___ Supplied data ___

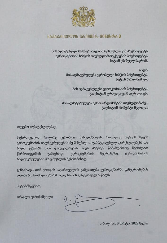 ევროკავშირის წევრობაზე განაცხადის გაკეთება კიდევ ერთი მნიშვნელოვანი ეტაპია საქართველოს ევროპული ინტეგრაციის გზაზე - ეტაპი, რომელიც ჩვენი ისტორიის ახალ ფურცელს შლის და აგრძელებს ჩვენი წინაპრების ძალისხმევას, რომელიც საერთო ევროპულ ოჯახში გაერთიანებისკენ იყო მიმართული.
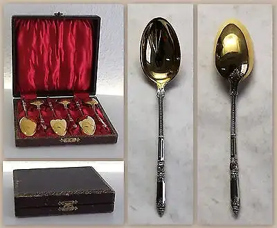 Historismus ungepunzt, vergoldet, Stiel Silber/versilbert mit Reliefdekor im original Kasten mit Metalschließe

___
___ Supplied data ___

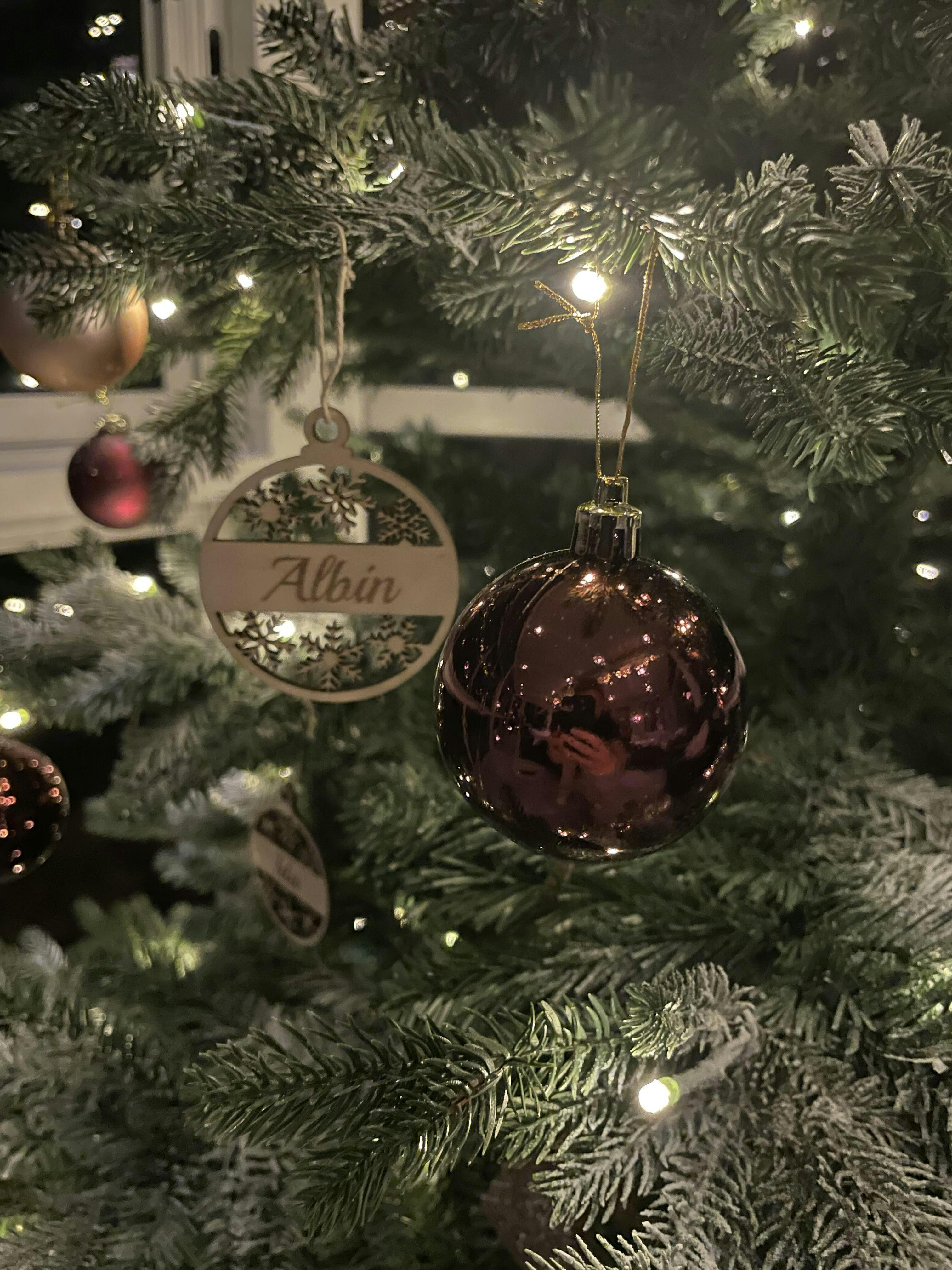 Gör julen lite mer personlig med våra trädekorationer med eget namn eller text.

___

*Task item:* Above, find the line holding "ევროკავშირის წევრობაზე განაცხადის" and the line holding "Historismus ungepunzt, vergoldet, Stiel". Print exactly those two lines and every line between them, but no pictures.

*Final answer:*
 ევროკავშირის წევრობაზე განაცხადის გაკეთება კიდევ ერთი მნიშვნელოვანი ეტაპია საქართველოს ევროპული ინტეგრაციის გზაზე - ეტაპი, რომელიც ჩვენი ისტორიის ახალ ფურცელს შლის და აგრძელებს ჩვენი წინაპრების ძალისხმევას, რომელიც საერთო ევროპულ ოჯახში გაერთიანებისკენ იყო მიმართული.
 Historismus ungepunzt, vergoldet, Stiel Silber/versilbert mit Reliefdekor im original Kasten mit Metalschließe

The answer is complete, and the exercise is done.